Maybe you’ve noticed your Pug shivering in the early morning hours when you take them outside to pee. This may have you wondering “do Pugs get cold?” Well, the truth is that all dogs can get cold outside. This breed does not tolerate heat or cold as well as some other breeds.
Do Pugs Get Cold?
Unlike other dogs, Pugs have a rather thin coat. Their hair is fine and doesn’t do a good job from protecting them from the heat or cold.
When they come back inside, you can have their comfy bed waiting with their favorite blanket. That will help them warm up quickly after being cold outside.
Now let’s take a closer look at why this breed is vulnerable to elements and what temperatures they thrive in.
Why Do Pugs Get Cold Easily?
As I mentioned this breed will do better in temperatures that don’t get too hot or cold. Now let’s take a closer look at the different variables that affect why Pugs respond badly to the cold.
Coat Type: Even though Pugs have double-layered coats, their fur is short and fine-textured. Unlike other dogs like Siberian Huskies, or Newfoundlands, Pugs were not acclimated to be in extremely cold temperatures.
Coat Color: You’ll notice that a black Pug will be able to stay warmer longer outside than a fawn-colored dog. This is because dark-colored dogs can absorb more heat from the sunlight compared to the light-colored dogs.
Size: Pugs are classified as a small dog or toy dog, therefore their bodies are closer to the ground, which causes them to lose heat faster.
Weight: Body fat keeps us, humans, warm and it does the same with dogs. Thin dogs tend to get colder quicker than dogs that have more body fat. If your Pug is carrying around excess weight, they may not get as cold as a Pug that is thinner. That being said, you don’t want to fatten up your dogs in the winter months to protect them from the cold.
Conditioning: Your pooches body acclimates to the temperature after being exposed to the same weather several days or months. Sixty degrees in November is chilly, but after a long bitter winter, a 60℉ day can make us open our windows and let the cool air indoors.
Age and Health: Puppies and older dogs will not be able to regulate their body temperatures as well as a healthy Pug in their prime. Don’t be surprised if your senior dog can’t handle cold breezes or cold temperatures as well as they used to when they were younger.

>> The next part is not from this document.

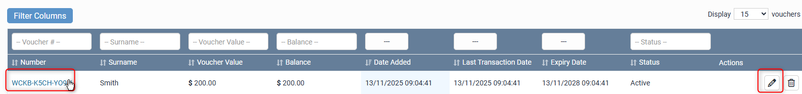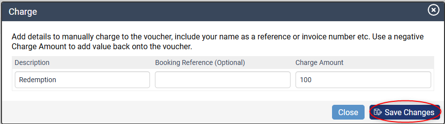Enter details of the transaction, a reference number (optional) and the amount to deduct off the voucher > save changes

Pets that suffer from diabetes, kidney diseases, or other health issues may have a harder time in the cold than healthy canines. If your pooch is shivering all the time outside even if you don’t think it’s cold, you may want to contact your veterinarian.
How Cold Is Too Cold For A Pug?
Okay, so now you’re wondering how cold is too cold? Do they only get cold when they go outside in the winter when there is snow on the ground? Can get they get cold on a dreary rainy day?
It’s totally true that some Pugs will be able to tolerate colder temperatures than others. Just like not all breeds will get cold in 55-degree weather.
There is no universal answer on how cold it can be before your pooch starts shivering. There are several different factors that come into play.
So it’s best to take this response lightly and you’ll be able to protect your pooch from the cold if you watch for the signs. Be sure that you’re aware of the potentially cold associated health problems like frostbite and hypothermia.
For owners of small breeds, senior dogs, thin-haired breeds, or puppies, you will want to consider pulling out the sweaters and coats once it the temperature drops below 20 degrees Fahrenheit.
Mindy my black Pug used to get cold in temperatures below 45℉. It all really depends on what your pooch is used to. Our neighbors long-haired Maltese could handle the cold much better than Mindy.
For instance, if you lived in Florida for much of your pups life. Then you and your family moved to Minnesota, one of the coldest states in the United States. (source) Your Pug will most likely freeze before it gets below 20 degrees because she’s been acclimated to Florida’s temperature.
Outside Elements That Cause Your Pug to Shiver
Okay, now that we know what temperature is too cold for your Pug. Let’s take a look at all the different elements that can cause your pooch to get cold. After all, your dog can start feeling the effects of the cold, even if there isn’t snow on the ground.
Wind Chills: A brisk cold breeze can quickly cut through your dog’s coat sending chills down their body. Your Pugs short coat won’t be able to protect and insulate them against these types of cold temperatures.
Dampness: Wet snow, heavy fog, rain, wet dog (after a bath or going swimming) or any form of dampness can cause your pooch to chill even if it’s not that cold outside.
Cloudiness: We all know that those sunny days can warm up the temperatures quickly. If it’s overcast and cloudy, it can make your pooch cold.
Activity Level: If your Pug is just in the backyard lying around not being active, they are not generating enough body heat to stay warm.
Basically, if you’re cold there’s a good chance that your Pug is cold too!
Most Pugs love going outside, especially, if you spend a lot of time outdoors. It’s definitely okay to let your Pug out in the cold weather, just make sure that you keep an eye on them.
I used to have my Pug wear a jacket if the temperatures were too cold. There are literally all kinds of dog clothes you can use to help insulate your Pug and keep them warm in the winter or on those cold dreary days.